- Born: Montreal, Quebec, Canada
- Occupations: Singer-songwriter, record producer, composer, musician, actor, author
- Instruments: Tabla, harmonium, piano, dholak
- Years active: 1996
- Website: planetjosh.com

= Rup Magon =

Rupinder "Rup" Singh Magon is an Indian-Canadian singer, songwriter, producer, actor and author born and raised in Montreal, Quebec. He is a co-lead singer of JoSH, a South Asian fusion band.

==Music career==
Rup founded Josh in 1996 with his brother, Rik Magon, and good friend Shiraz 'Shazi' Hussain. They were joined by Qurram 'q' Hussein, Rup's current band-mate, in 1998, and two years later Rup and Q embarked on their own path for JoSH without Rik and Shiraz.

Rup's love and drive for music and the arts, and his unquestioned belief that he could make a career for himself singing South Asian Fusion music, despite being based in Canada, was initially met with doubt and skepticism from friends and family, who wanted him to pursue a more traditional 'North American' career not based in the arts. Rup never relented, working tirelessly with Q to produce their first compositions for Josh, "Main Hoon Tanha", which also ended up being the title track for their debut album.

Rup and Q have continued to produce successful music and albums, including Kabhi (2004), Josh's much-anticipated second album, Mausam (2006), JoSH's third album, and Beyond Kismat, JoSH's most-recent fourth album released in 2010. JoSH has worked on various other projects as well, including a remix of Grammy winner Nelly Furtado's latest singles, "Promiscuous Girl" and "Maneater".

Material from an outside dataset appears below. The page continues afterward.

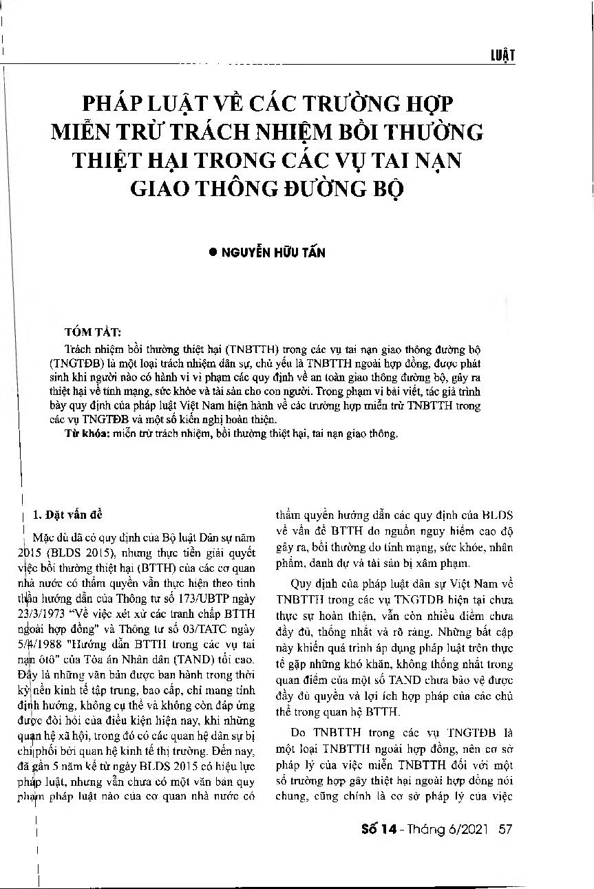Pháp luật về các trường hợp miễn trừ trách nhiệm bồi thường thiệt hại trong các vụ tai nạn giao thông đường bộ = Regulations on exemptions of compensation liabilities for damages in road traffic accident

Among Rup's accomplishments as a member of JoSH include becoming the first Canadian Sikh to win both MTV India and MTV Pakistan awards.

Rup has also ventured outside of the realm of music to expand his career within the umbrella of the Performing Arts.

==Acting==
Rup is in the 2011 sports comedy film Speedy Singhs (also known as Breakaway), directed by Robert Lieberman, starring Vinay Virmani, Russell Peters, Camilla Belle, and Anupam Kher. Rup plays the role of Jassi Singh, a member of the Speedy Singhs hockey team featured in the film. Akshay Kumar, Drake, and Ludacris also make cameo appearances in the film.

JoSH recorded the title track for the Speedy Singhs/Breakaway film, titled "Chaddi Wale Yaar".

In 2020, he appeared as Amandeep in the comedy web series Decoys.

==Author==
In 2011, Rup released the cookbook Ten Easy Desi Recipes for Guys featuring Indian cuisine.